Gostei da tua exposição e do rigor dos dados operacionais. Como deves compreender, conheço alguns locais de lá ter estado e nunca a nivel de teatro de operações.
A informação a que tu tinhas acesso, nem pelo meu bigode passou como era natural.
Assim penso que a tua e a minha visão da situação se completam e alargam o conhecimento daqueles anos de incerteza.
Em relacção ao Bccaç 3872 é sempre a nivel do batalhão que me refiro e que me orgulho de ter pertencido.
Abraço para ti e para todos os camaradas do Dulombi.
Tive pena que não tivesses ido ao encontro da Ortigosa.
Juvenal Amado
Caro Juvenal
Sempre a considerar e olha que a seguir àqueles que tinham de ir para o mato, os elementos que mais podiam sofrer as aqruras da guerra eram vocês que conduziam as viaturas e que podiam sofrer connosco as emboscadas e as terríveis minas. Eu sempre disse aos meus homens..."antes quero andar quilómetros a pé do que andar no "descanso" das viaturas". Viajar pelas picadas era das tarefas mais perigosas da guerra. E claro que também conheste muitos dos locais por onde andámos e outros que nós não conhecemos, por exemplo, eu nunca percorri a estrada para Cancolim, nunca lá estive, ao contrário, de certeza, tu tiveste de a fazer e não era pera doce.

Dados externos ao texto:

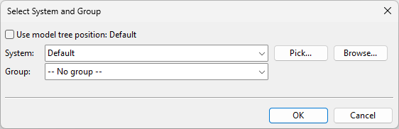 • System – Select a System for the model object. You can use the System that is currently selected in the model tree, select the System from the drop-down list, pick the System from another model object, or select the System from the object browser.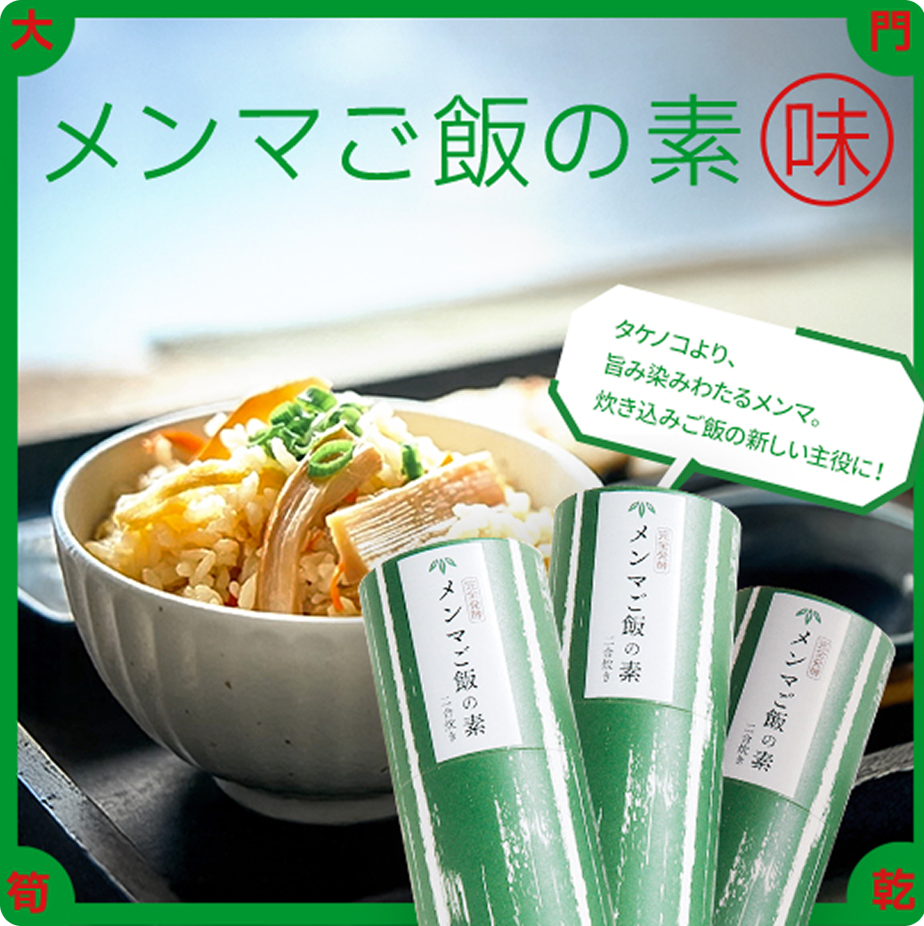 大好評のメンマご飯の素をギフトにも嬉しい竹筒パッケージで販売開始! 炊き込みメンマご飯の素(竹筒Ver.)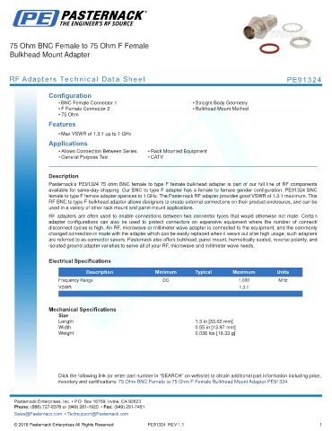 RF Adapters Technical Data Sheet PE91324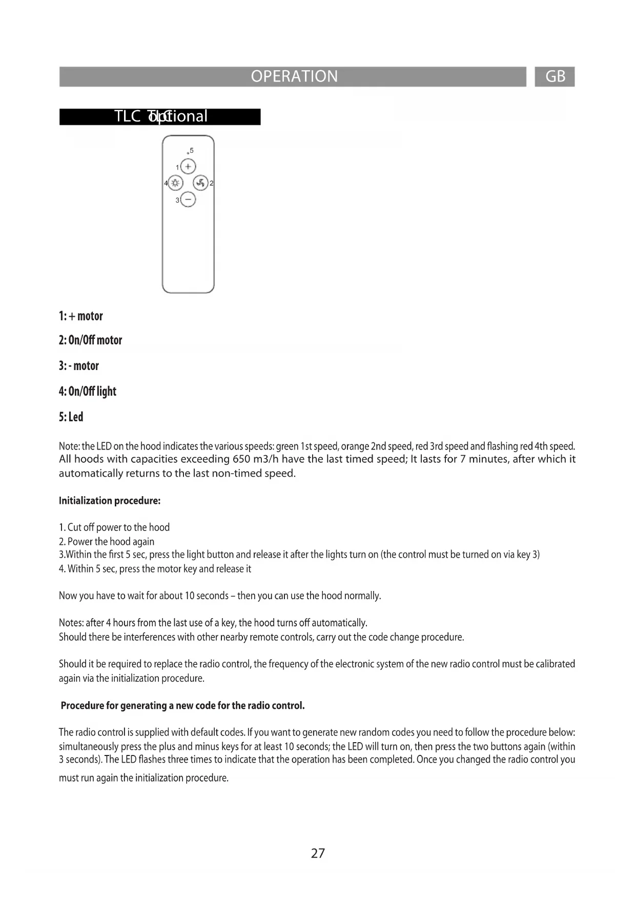 TLC OPERATION 1: + motor 2: On/O motor 3: - motor 4: On/O light 5: Led Note: the LED on the hood indicates the various speeds: green 1st speed, orange 2nd speed, red 3rd speed and ashing red 4th speed. All hoods with capacities exceeding 650 m3/h have the last timed speed; It lasts for 7 minutes, after which it automatically returns to the last non-timed speed. Initialization procedure:
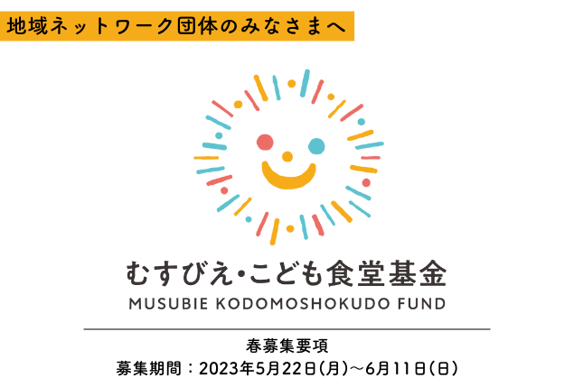 ※別団体「こども食堂ネットワーク」では、申請書の提出やお問い合わせは受け付けておりません。また、むすびえ代表アドレスや電話でのお問い合わせも受け付けておりません。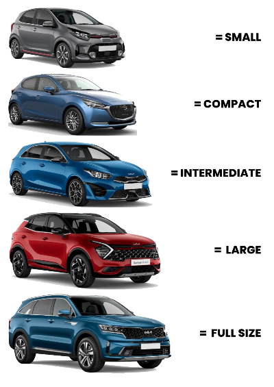 유럽의 렌트카 회사들의 모임인 ACRISS는 렌트카 산업의 표준화 방안 중 하나로 통일된 차량 분류코드(Standard Interline Passenger Procedure, SIPP)를 적용하고 있다. SIPP코드는 네자리로 구성되는데, 첫 번째 자리는 차량의 크기, 두 번째 자리는 문의 수, 세 번째 자리는 변속기와 구동방식(2륜, 4륜, 상시사륜 등), 네 번째 자리는 연료 종류와 에어콘 유무이다. 코드를 사용하는 범위는 회사마다 차이가 있다. 예를 들어 허츠의 경우 첫 번째 코드를 중심으로 사용하고 필요시 두 번째 코드를 부가하는 반면, 알라모의 경우 첫 번째와 함께 두 번째 코드도 다양하게 적용하는 편이다. 렌트카 차량 유형 코드들 중 대표적인 것을 살펴보면 다음과 같다.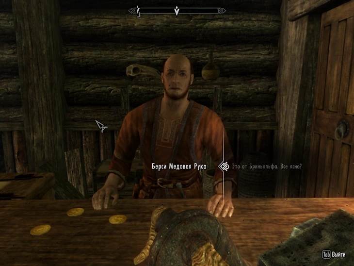 Рядом с телом лежит ее дневник с милыми и слегка наивными записями о влюбленности и грядущем побеге. Она подготовила целый план – попросила отца взять ее с собой в поездку, сбежала ночью из таверны и встретилась с Тальвуром в холмах неподалеку от Логова Сольюнда. Только их планы нарушил как раз тот дикий зверь, которого Довакину придется убить. Кстати, тайнике Тальвура действительно лежит немного золота и меч.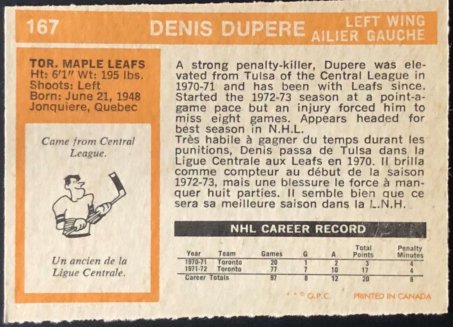 Lot 1371 1972-73 O-PEE-CHEE DENIS DUPERE ROOKIE CARD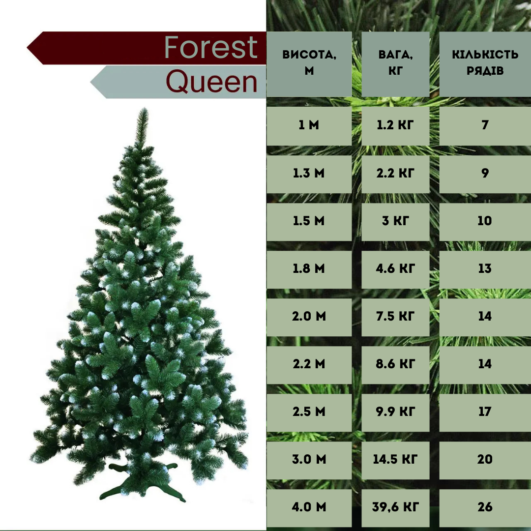 Штучна ялинка "Королева лісу" виготовлена у відповідності з санітарно-епідеміологічними і гігієнічними вимогами до продукції в Україні. Зроблена з високоякісних матеріалів. Стовбур представлений зїднованною конструкцію, гілки складаються з дротяного каркасу, який відрізняється високою гнучкістю і міцністю. Голки виготовлені за новими технологіями з ПВХ.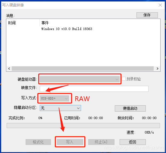 步骤三、选择对应的优盘,写入方式选择RAW,然后点击“写入”,等待完成。可能需要等待一段时间,请不要着急。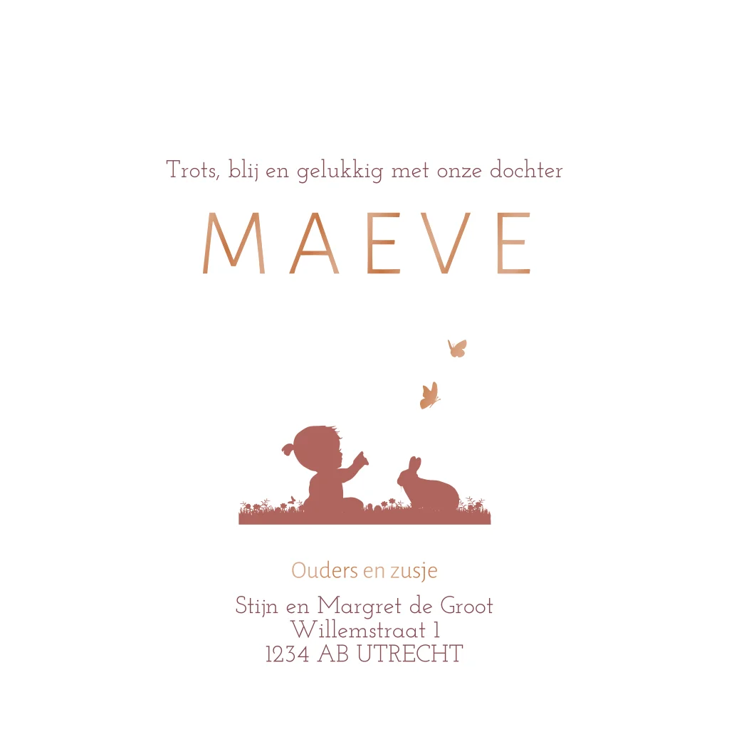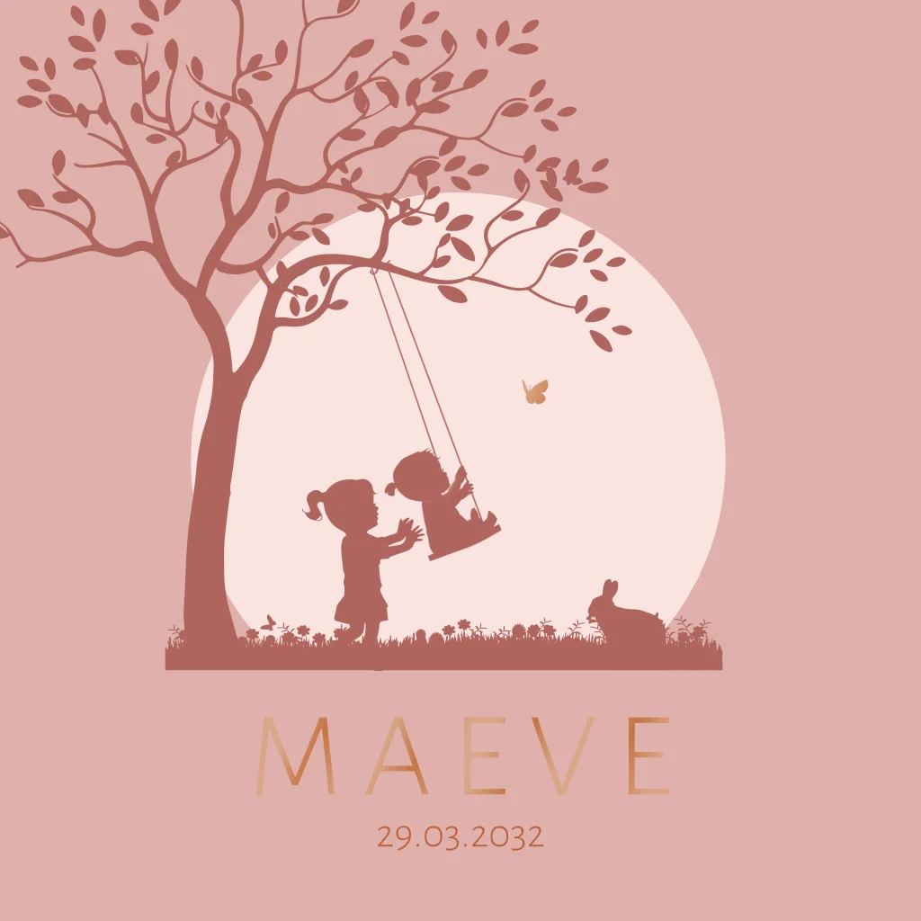 Het geboortekaartje meisje en zusje op schommel met boom en diertjes is een uniek en lief kaartje voor je tweede kindje. Het kaartje is oudroze met een vlinder en peach tinten. De boom, diertjes en schommel zijn in een rustige bruine kleur gehouden. Het kaartje is perfect voor een meisje wat geboren wordt in de lente of zomer.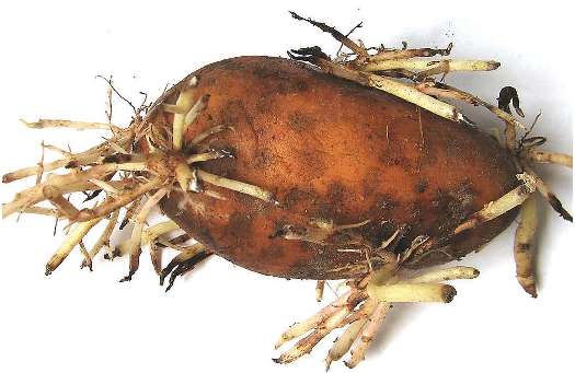 Зі слабко уражених ростків формуються рослини, які відстають у рості й розвитку, а деякі з них згодом в’януть і гинуть. При незначному заселенні бульб склероціями патогена ураження паростків майже не відбувається.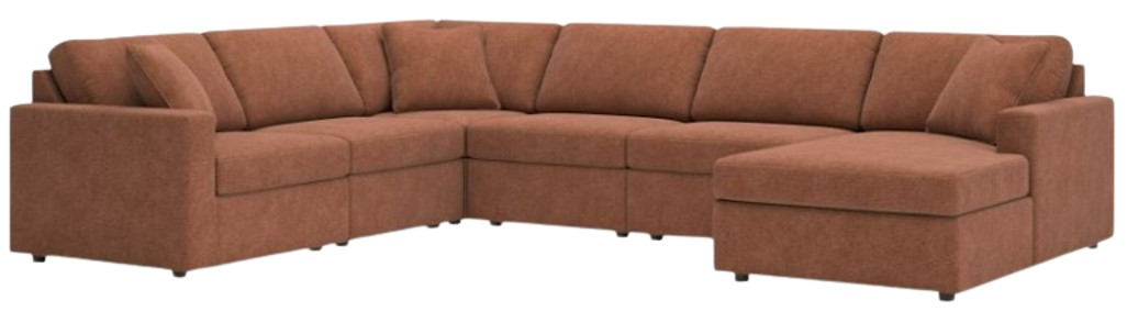 Delivers roomy, flexible seating via six modular pieces chaise, armless chairs, wedge, and storage-capable chaise. Its cushions are loose and reversible for comfort and easy upkeep. The integrated chaise and modular layout adapt to varying living spaces. Throw pillows are included for added comfort.Read More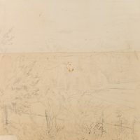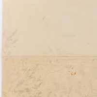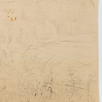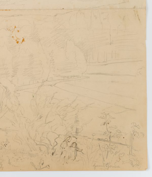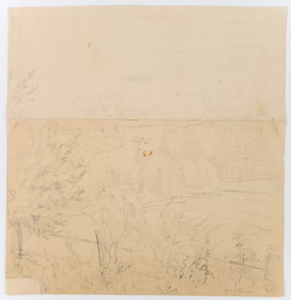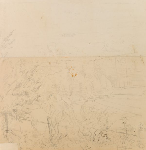 - Beschreibung: Große, recht ausführliche Darstgellung der hügeligen, bewaldeten Landschaft mit Feldern und Zäunen unter einem mild bewölkten Himmel. Dieses und weitere der eingstellten Werke stammen aus einer Skizzenmappe aus dem persönlichen Nachlass von Hans Thoma. | Wasserzeichen: “GEBRÜDER BUHL ETTLINGEN 3a NORMAL 3a”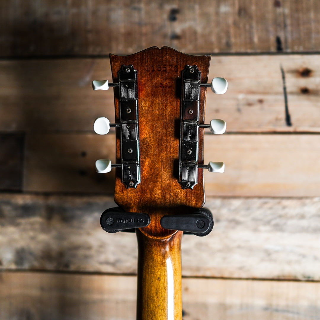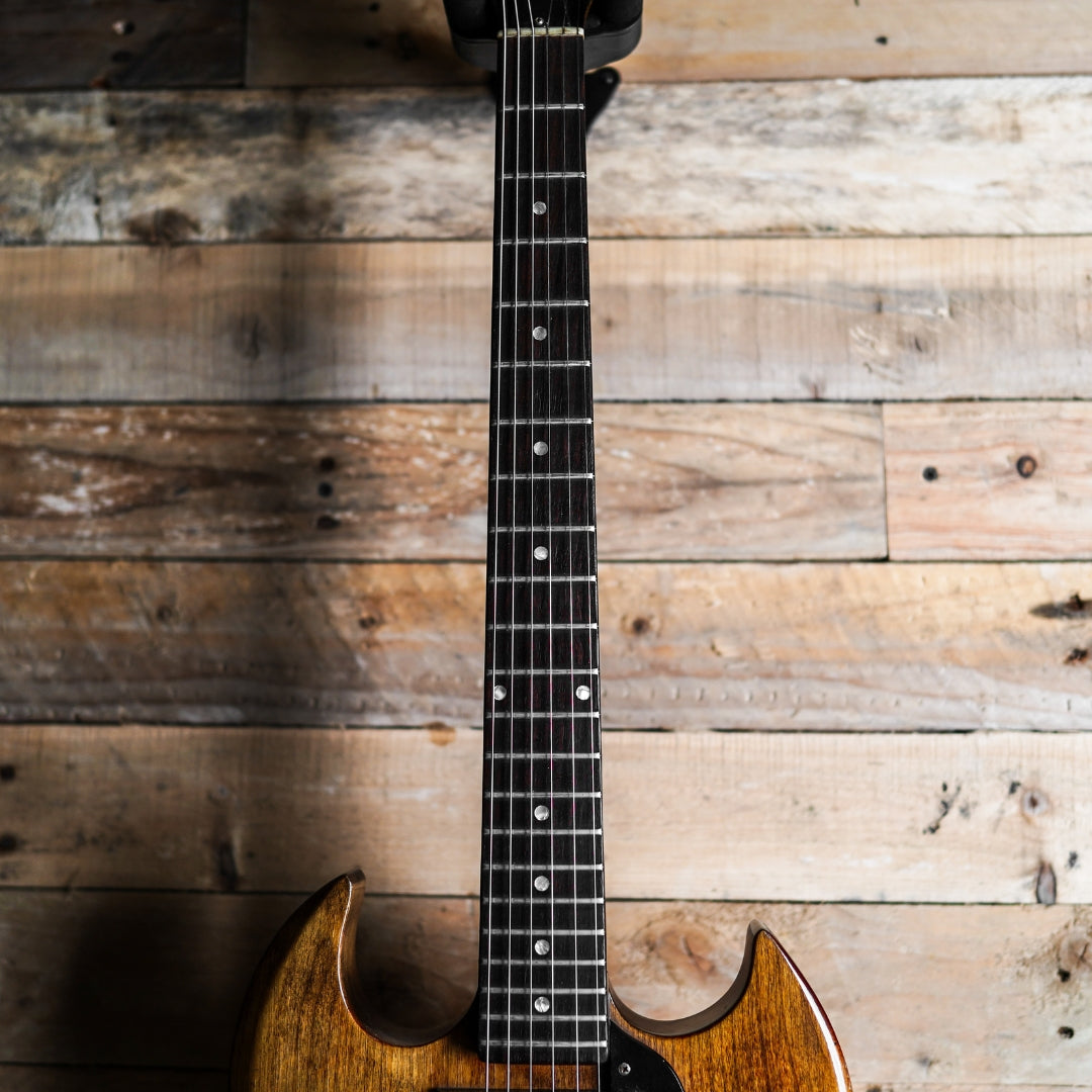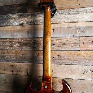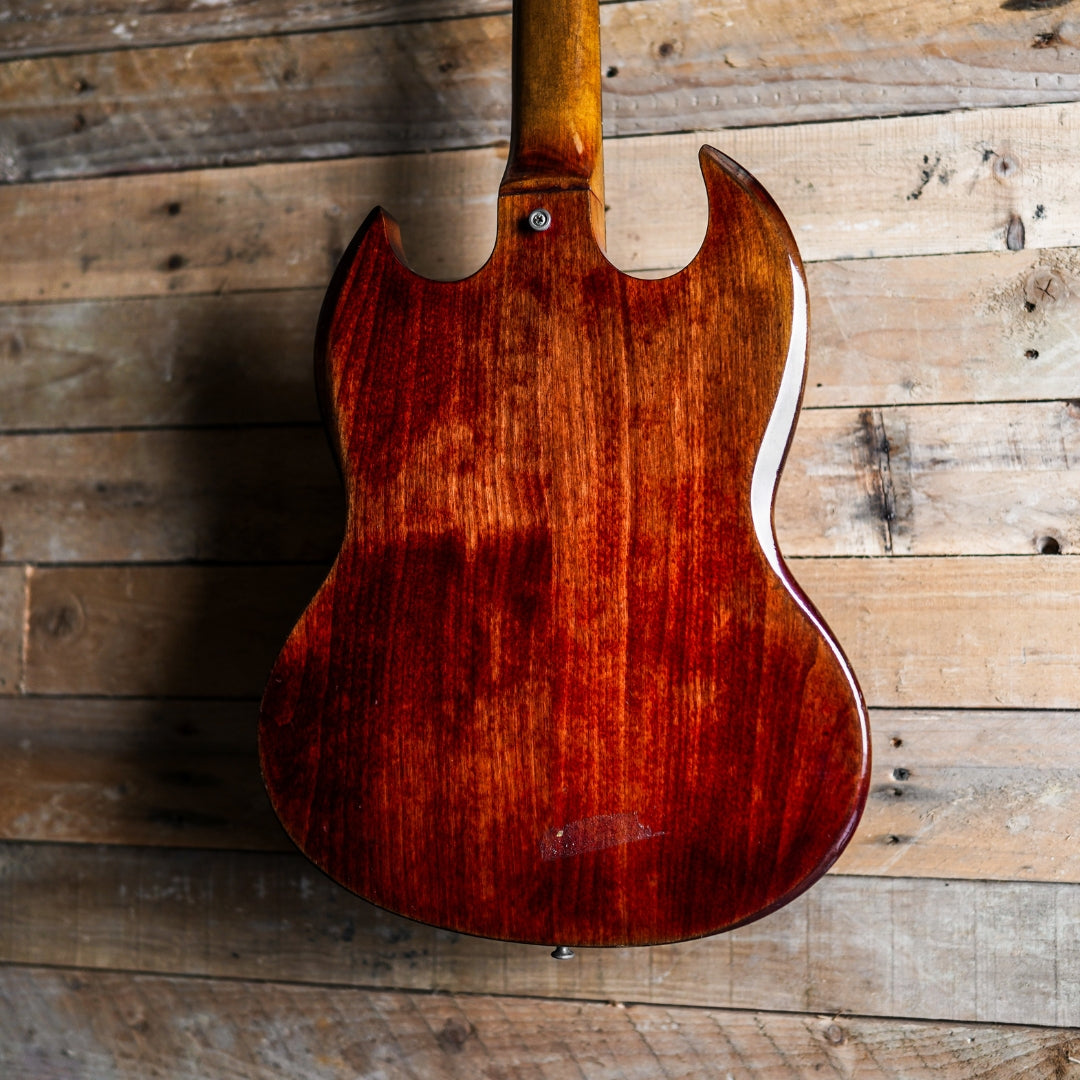 This guitar is presented in very good condition for it's age with the type of play wear you'd expect. The original cherry finish has faded to brown but the original finish can still be seen on the back and under hardware. One of the original strip tuners had sheered, so we have replaced the tuners with a Kluson set, the originals are present with the sale however. The original frets show approximately 70% of life remaining and the electronics function as expected.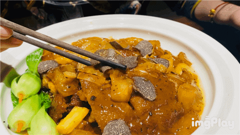 压轴来了,黑松露海参蹄筋扣肘,里面满满的都是珍贵的食材,黑松露的香、海参的鲜、蹄筋的韧、肘子的香而不腻,四种口感结合在一起,实在好吃。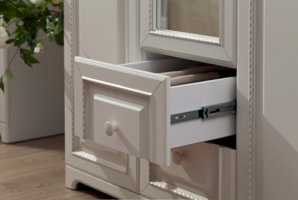 Трюмо: Корпус – ЛДСП 16 мм Фасады – МДФ с пленкой ПВХ и патиной Кромка – ПВХ 0,4 мм Направляющие – шариковые Зеркало – 4 мм Ручки – фарфоровые Опоры – пятниковые Декор – кисти для штор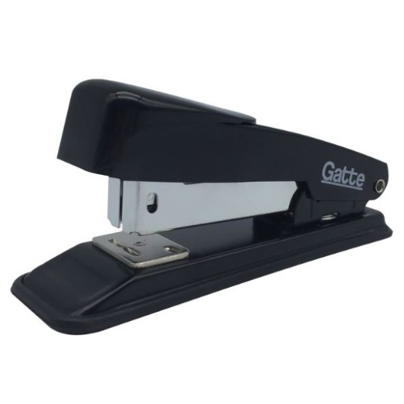 Grampeador Metálico 11.7cm p/ até 20 Folhas / Dimensões: Comp.: 117mm x Larg.: 55mm x Alt.: 33mm / Características: Grampeia até 20 folhas e utiliza grampos 24/6 ou 26/6 / Composição: Aço, base de apoio em plástico e pintura eletrostática de alta resistência.

Não fui ao encontro porque estava no Algarve e também...., porque a minha mulher me têm chateado pelo meu envolvimento no blogue, que estou mais lamechas,que falo da Guiné - o que nunca fazia -, etc. Ela não compreende o que nós sentimos, o que passámos. Ela naquela altura era ainda uma criança(é muito mais nova que nós, por isso tem desculpa).